Ante o exposto, resta claro a não ocorrência de violação dos dispositivos presentes no ordenamento jurídico pátrio, à proporção que, mesmo considerando o lapso temporal e o fato de a empresa não ter sido citada anteriormente, ou encontrados bens, não justifica a alegação posta, visto que, houve tentativa de citação, a qual restou infrutífera.

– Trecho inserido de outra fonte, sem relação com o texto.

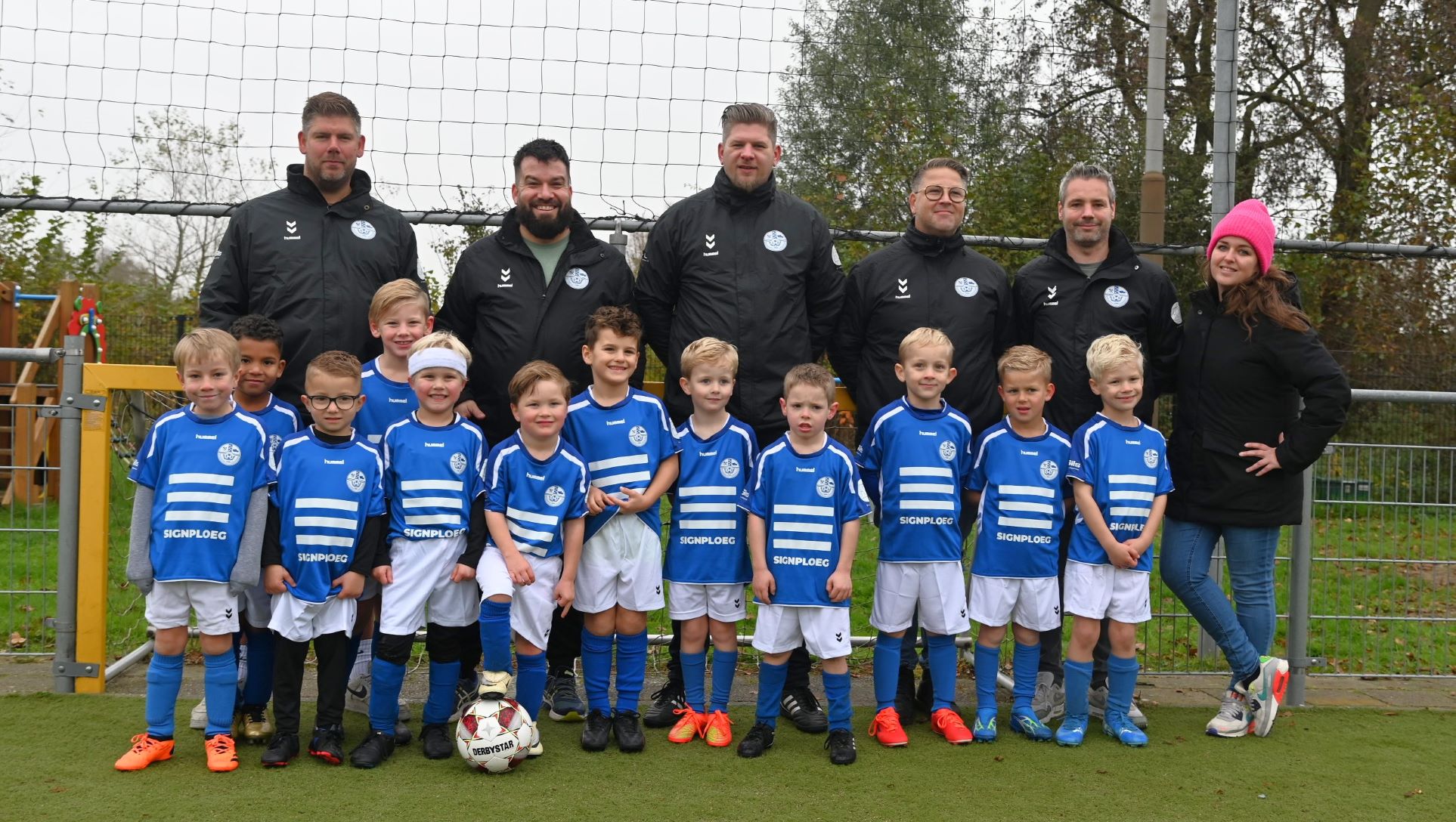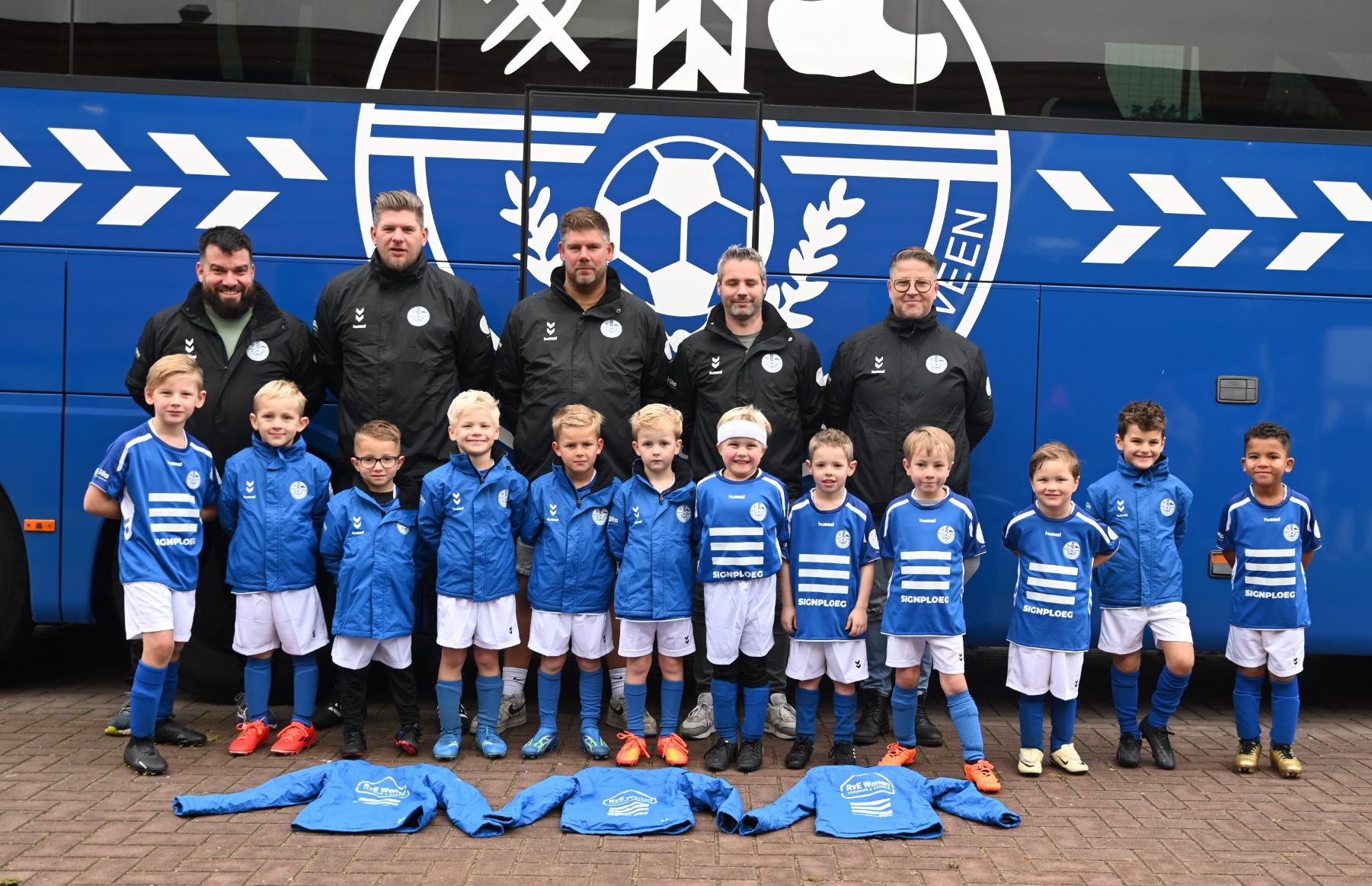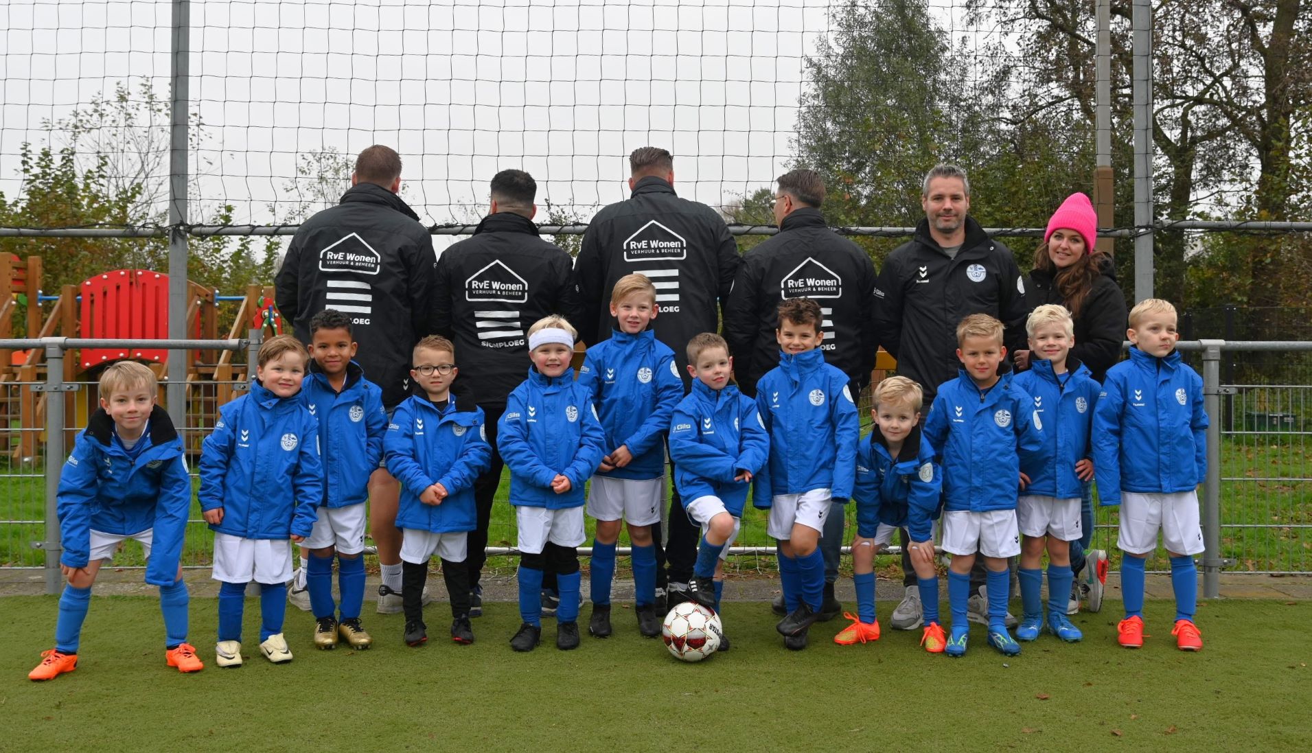 Ze zijn amper het niveau van de Kabouters ontgroeid, maar nu al spelen ze hun eerste wedstrijden op toernooien. Veensche Boys JO7-1 is een feit. Om de jongens representatief voor de dag te laten komen hebben liefst vier sponsoren de handen ineen geslagen om de jongens in het nieuw te steken. Dat zijn RvE Wonen, D-Create, Gils en Signploeg. Het team ontving een nieuw tenue en nieuws warme jassen. Voor hun gulle gaven ontvingen de sponsors een smaakvolle fles Salentein-wijn. Foto Kees van den Heuvel
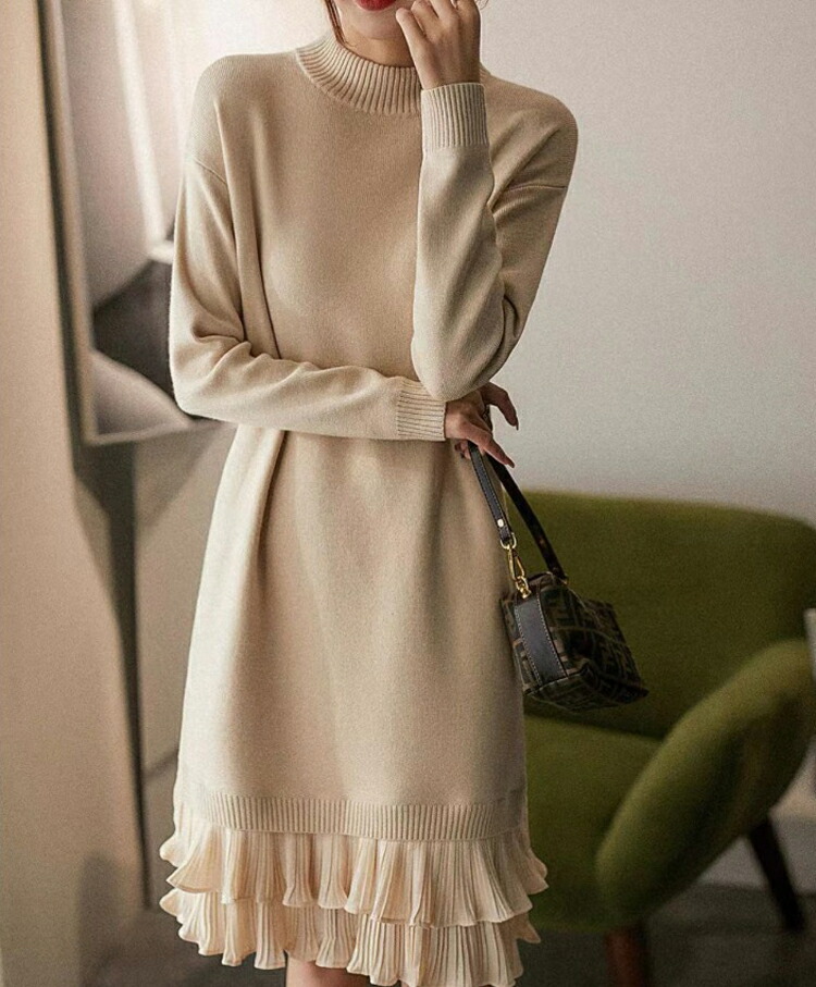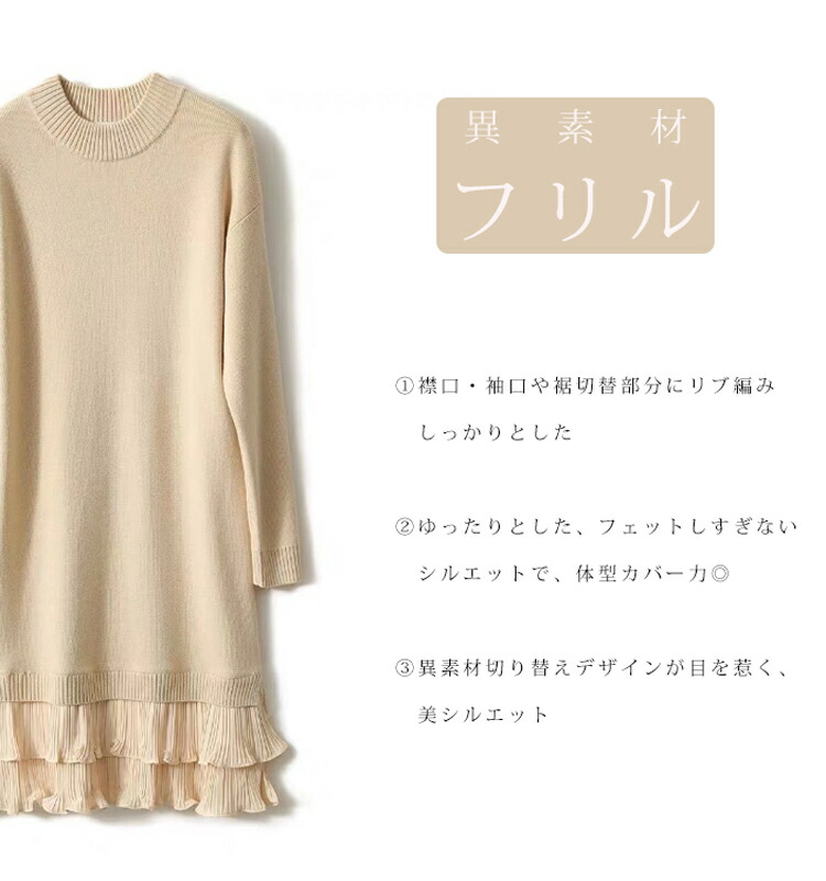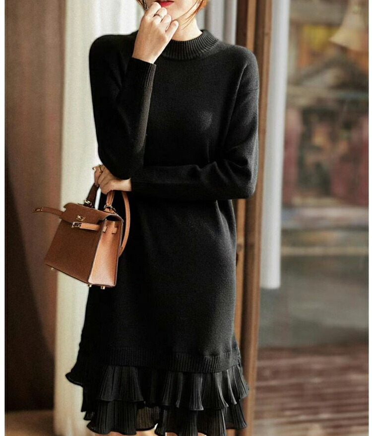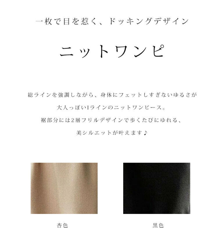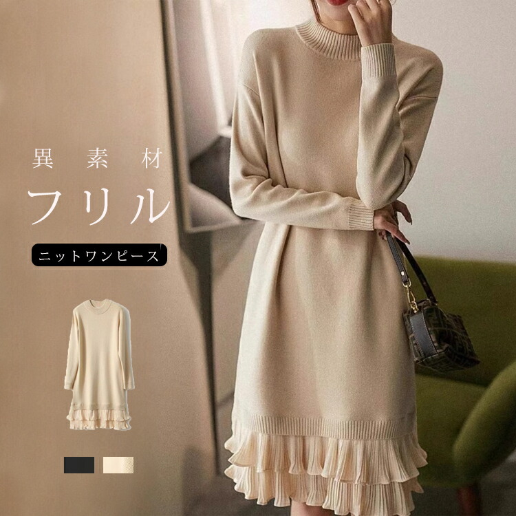 ニットワンピース 秋冬 フリル 切り替 レディースファッション 超目玉商品 黒色 杏色
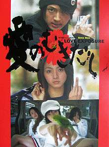 Love Exposure is a 2008 film by Shion Sono of Suicide Club fame. It clocks at in three minutes shy of four hours long. It focuses on the themes of family, love, lust, religion, and upskirt photography.

Isto posto, é possível verificar que não houve retorno do AR citatório (ID 257854081), ENTRETANTO, houve diligência de citação por Oficial de Justiça, resultando em ineficaz (ID 257854086), com a certificação do mesmo que deixou de citar em razão da empresa estar em local não sabido, caracterizando em falha por parte do contribuinte, por ser obrigação do mesmo manter endereço atualizado perante o seu cadastro.
IV.
DA PRESCRIÇÃO DIRETA E INTERCORRENTE Com esteio na alegação despertada pelo Executado perante a ocorrência da Prescrição, leva-se em consideração 2 pontos distintos, sendo o primeiro com relação a prescrição direta, sendo este tema encontrado no artigo 174 do CTN e, conforme a presente norma, o despacho inicial do juiz que ordena a citação interrompe a prescrição direta.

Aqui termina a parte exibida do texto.